John Veitch (24 October 1829 – 3 September 1894), Scottish philosopher, poet and historian: John was born in Peebles; the only son of Peninsular War veteran James Veitch and his wife, Nancy Ritchie; a woman, steeped in the folk traditions of the Borders; he was educated at the University of Edinburgh.

He was assistant lecturer successively to Sir William Hamilton and Alexander Campbell Fraser (1856–60). In 1860 he was appointed to the chair of logic, metaphysics and rhetoric at the University of St Andrews, and in 1864 to the corresponding chair at the University of Glasgow.

In St. Andrews, he lived at 8 Playfair Terrace.

In Glasgow, he lectured to working men and women and between 1877 and 1883 put on courses for the Glasgow Association for the Higher Education of Women. He founded the Scottish Mountaineering Club in 1892. He deplored the damaging environmental impacts of industrialisation and campaigned to save old buildings.

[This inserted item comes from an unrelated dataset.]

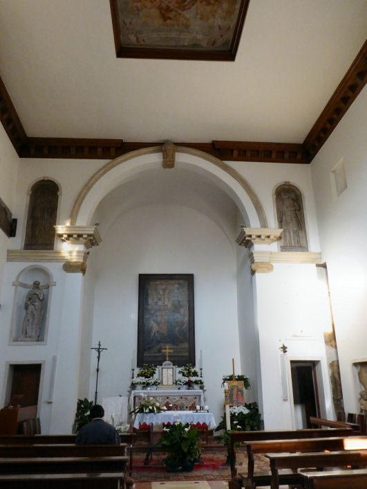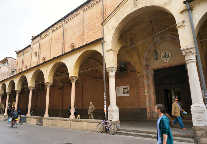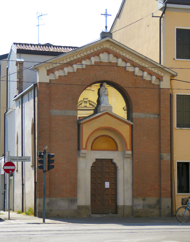 History Built from 1372, financed by Fina Buzzacarini, the wife of Francesco I da Carrara, who also commissioned Giusto de' Menabuoi to decorate the Baptistery of the Duomo as a mausoleum for the couple. The church was built on the site of the house of Niccolò da Carrara, which was demolished. Niccolò was the traitorous grandfather of Francesco I and the story goes that Fina, a very pious woman, chose to build on this site to punish him for his betrayal. Or it may have been to celebrate the marriage of one of her daughters. When Fina died in 1378 responsibility for completing the church passed t0 her sister Anna, the abbess of the San Bernadetto. In 1392 Fina's son Francesco Novello, who had succeeded his father as duke, gave the church to the Servites, which was when it acquired its current name. The Renaissance portico along the left side of the church was added in 1511 by Bartolomeo Campolongo, using ten red marble octagonal columns from the demolition of the original 14th-century chapel of Saint Anthony in the Santo. The church was part of a complex that included the convent of the Servites, the Oratory of Saint Homobonus and the Oratory of the Guild of Saint Mary of the Servites. Confiscated in 1806, the government only returned the church to ecclesiastical authorities in 1963, 157 years later, as a plaque in the church records. Interior Aisleless and quite tall with white walls, a wooden corbelled roof and some unspecial monuments to worthies and a nice variety of 14th-16th century fresco fragments spaced around. The 16th-century fresco of the Virgin and Child with Saints Roch Anthony Joachim and Anna on the back wall to the right is the most complete. It is now attributed to Dominico Campagnola (previously it was said to be by Girolama del Santo) and dated to the 1530s but looks to have suffered some inexpert touching up. The two frantic 17th century canvases above are by Matteo Ghidoni. The dominant feature is the very Baroque Altar of Our Lady of Sorrows which faces you as you enter the side door (see photo right). It is by Giovanni Bonazza from 1703-10 and houses a statue of The Virgin from the late 14th century by Rinaldo di Francia. It was previously erroneously attributed to Donatello. There's a small 'Scuola di Mantagna' Pieta fresco contained in a Lombardesque tabernacle to the right of the baroque altar, it was previously said to be by Jacopo da Montagnana, a Paduan painter who Vasari said studied with Bellini, but whose work indeed looks more influenced by Mantagna. It is now said to be by Pietro Calzetta (1430/40-1486) and is called The Man of Sorrows (Christo Passo) Between the Virgin and St John. There's also God the Father in the lunette above. There's a polygonal apse with two square side chapels. Flanking the apse are canvases of Saint Andrew and Saint Peter by Palma Giovane. In the chapel to the left of the apse is a Crucifix, recently restored. The church now says that it's by Donatello, other sources have said that it's by an unknown artist inspired by Donatello, but recent scholarship seems to go with the Donatello attribution, made during the decade he spent working at the Santo. The face looks very Donatello. It was painted to simulate bronze in the 19th century but restoration 2012-2015 restored the flesh tone. It is venerated, though, because in 1512 blood is said to have seeped from the face and side of the statue. Originally it stood on the tramezzo (rood screen) but was moved to its current position after the bleeding episode and ![]() Lost art An altarpiece showing the Virgin Misericordia, with the Child and Saints, by an anonymous Paduan artist of the late 15th century, is in the Eremitani Civic Museum

In philosophy an intuitionist, he was dismissive of idealist arguments. He is remembered chiefly for his work on the literature and antiquities of the Scottish Borders. See Memoir by his niece, Mary RL Bryce (1896).

==Publications==
- Translations of Descartes' Discours de la méthode (1850) and Méditationes (1852)
- An edition of Sir William Hamilton's lectures with memoir (1869, in collaboration with HL Mansel)
- The Tweed and other Poems (1875)
- Lucretius and the Atomic Theory (1875)
- The History and Poetry of the Scottish Border (1877; ed. 1893)
- Hamilton (1882)
- The River Tweed from its Source to the Sea (1884)
- Institutes of Logic (1885)
- The Feeling for Nature in Scottish Poetry (1887)
- Knowing and Being (1889)
- Merlin (1889)
- Dualism and Monism (1895)
- Border Essays (1896)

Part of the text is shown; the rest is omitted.